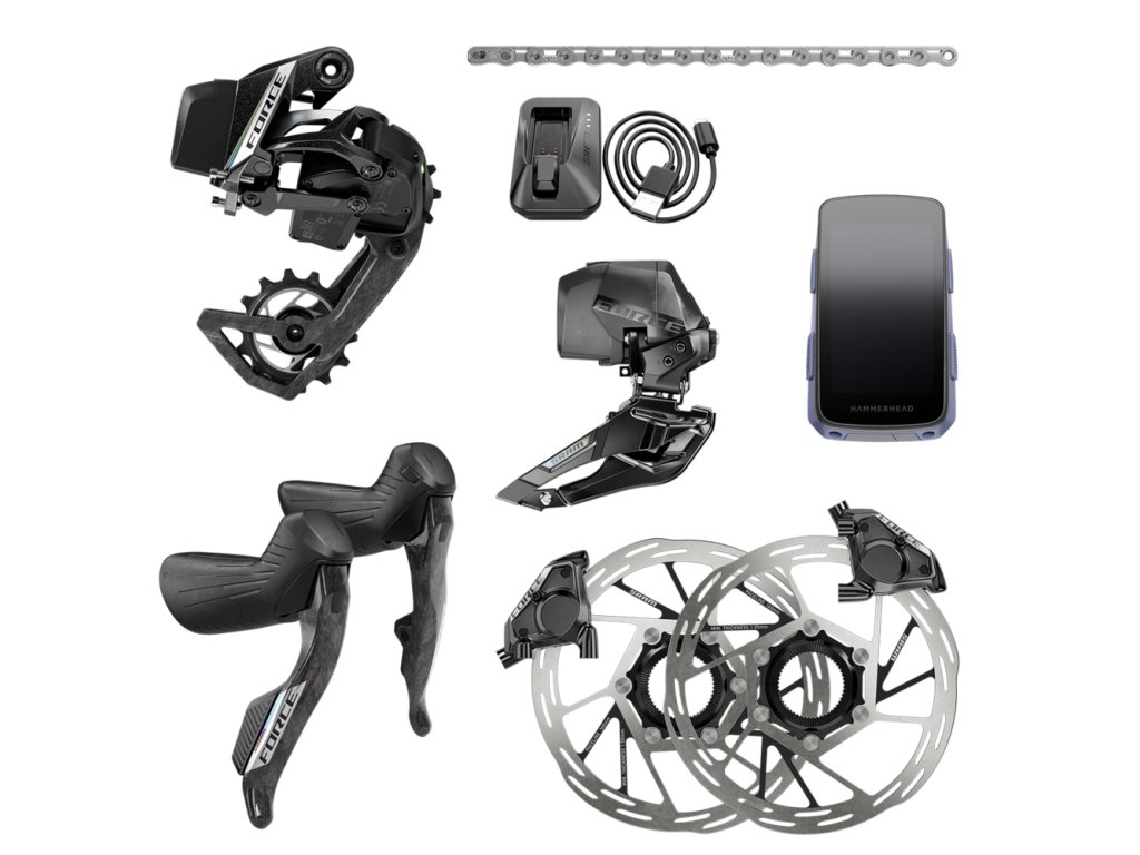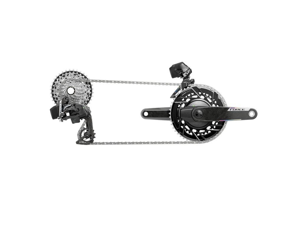Sada SRAM Force AXS 2X E1 Electronic HRD (brzdové/řadící páky s FM třmeny, řetěz Force 114čl., přehazovačka max. 36z s baterii, přesmykač s baterii, 2x kotouč Paceline A2 CL 160mm,nabíječka, návod)
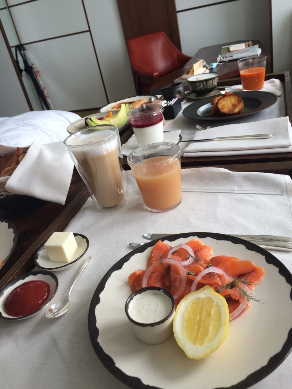- ルームサービスで朝食をいただきました。
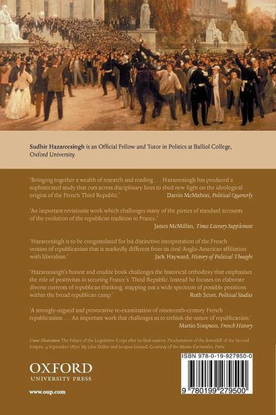 * Introduction: Revisiting the Intellectual Transformation of Nineteenth-Century France * 1: Between Republicanism and Positivism: Emile Littré and the Founding of The Third Republic * 2: Centralist Defender of the State: The Eclectic Republicanism of Charles Dupont-White * 3: From Democratic Advocate to Monarchist Critic of the Republic: The Ambiguous Republicanism of Etienne Vacherot * 4: A Republican Saint-Simonist: Eugène Pelletan and the Transformation of Nineteenth-Century Republicanism * 5: Neo-Kantian Moralist and Activist: Jules Barni and the Establishment of the Municipalist Republic * Conclusion: The Origins of the Third Republic Reconsidered
━━━━━━━━━━━━━━━━━━━━
## REQUIRED ACTION
Return the material in full and unaltered, minus its pictures.

## WRITTEN SOLUTION
Sada SRAM Force AXS 2X E1 Electronic HRD (brzdové/řadící páky s FM třmeny, řetěz Force 114čl., přehazovačka max. 36z s baterii, přesmykač s baterii, 2x kotouč Paceline A2 CL 160mm,nabíječka, návod)
- ルームサービスで朝食をいただきました。
 * Introduction: Revisiting the Intellectual Transformation of Nineteenth-Century France * 1: Between Republicanism and Positivism: Emile Littré and the Founding of The Third Republic * 2: Centralist Defender of the State: The Eclectic Republicanism of Charles Dupont-White * 3: From Democratic Advocate to Monarchist Critic of the Republic: The Ambiguous Republicanism of Etienne Vacherot * 4: A Republican Saint-Simonist: Eugène Pelletan and the Transformation of Nineteenth-Century Republicanism * 5: Neo-Kantian Moralist and Activist: Jules Barni and the Establishment of the Municipalist Republic * Conclusion: The Origins of the Third Republic Reconsidered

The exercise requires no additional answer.